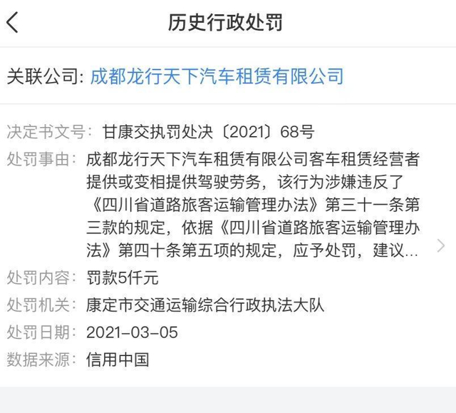 记者查询到,龙行公司早在2021年就因违规提供驾驶劳务而受到康定市交通运输综合行政执法大队的处罚,罚款5000元,处罚事由为提供或变相提供驾驶劳务。
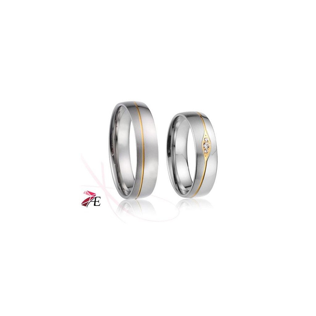 Precizně zpracovaný pár snubních prstenů. Povrchová úprava je v kombinaci sametového matu a vysokého lesku s jemným pozlaceným proužkem, který dává prstenům svou jedinečnost. Dámský prsten je zdoben třemi různě velkými vybroušenými zirkony, které jsou do prstenu ručně vsazovány. Šířka fazony u těchto prstenů je 6,00 mm. Dámské velikosti (s kameny) 49 - 64. Pánské velikosti (bez kamenů) 56 - 74.
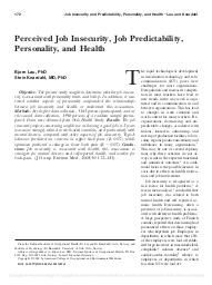 Cette étude avait pour objectif de déterminer si l'insécurité du travail était associée aux traits de personnalité et de tester si la personnalité influençait les relations entre l'insécurité de l'emploi et la santé. Une première étude a été effectuée à partir de 5 163 personnes issues de l'étude sur la santé d'Oslo (Oslo Health Study). Ils ont rempli un questionnaire, subi un examen médical et des prélèvements de sang. Six mois plus tard, un questionnaire de suivi a été envoyé à 1 946 des participants choisis aléatoirement. Les résultats ont montré que l'assurance d'avoir un bon travail dans deux ans était fortement liée à la santé, et plus particulièrement à la souffrance morale, contrairement aux autres aspects de l'insécurité de l'emploi. En conclusion, cette étude a montré que l'insécurité de l'emploi était associée à la santé, et plus particulièrement aux aspects concernant la sécurité future dans le marché du travail. Cette association était plus forte pour les souffrances mentales et la santé auto-rapportée, et plus faible pour les douleurs dorsales.
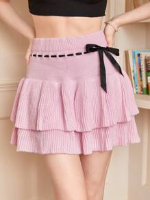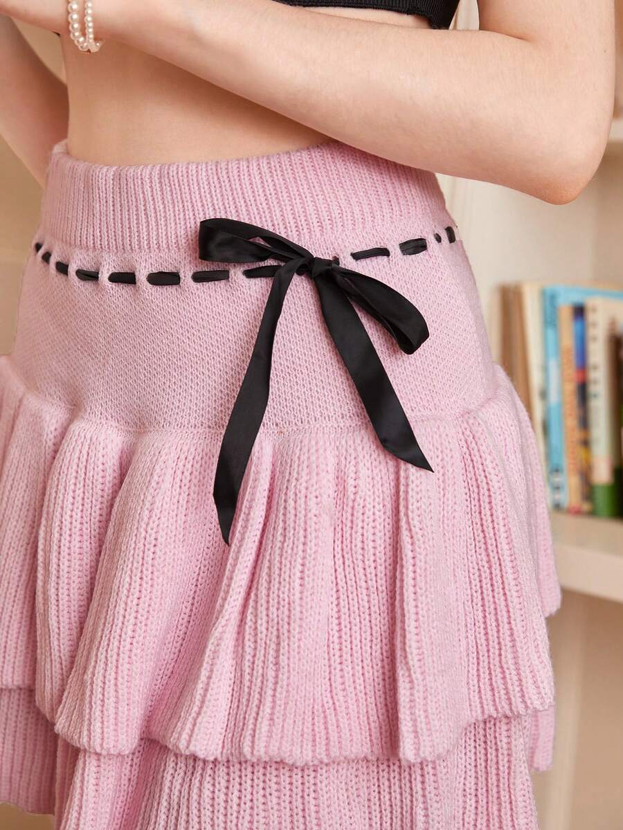 Kawaii Tie Waist Two Layer Hem Knit Skirt

*EXERCISE DETAILS:* Repeat the exact lines from the first line of the data through the line containing "Precizně zpracovaný pár". Nothing else, no pictures.

*EXPECTED ANSWER:*
 记者查询到,龙行公司早在2021年就因违规提供驾驶劳务而受到康定市交通运输综合行政执法大队的处罚,罚款5000元,处罚事由为提供或变相提供驾驶劳务。
 Precizně zpracovaný pár snubních prstenů. Povrchová úprava je v kombinaci sametového matu a vysokého lesku s jemným pozlaceným proužkem, který dává prstenům svou jedinečnost. Dámský prsten je zdoben třemi různě velkými vybroušenými zirkony, které jsou do prstenu ručně vsazovány. Šířka fazony u těchto prstenů je 6,00 mm. Dámské velikosti (s kameny) 49 - 64. Pánské velikosti (bez kamenů) 56 - 74.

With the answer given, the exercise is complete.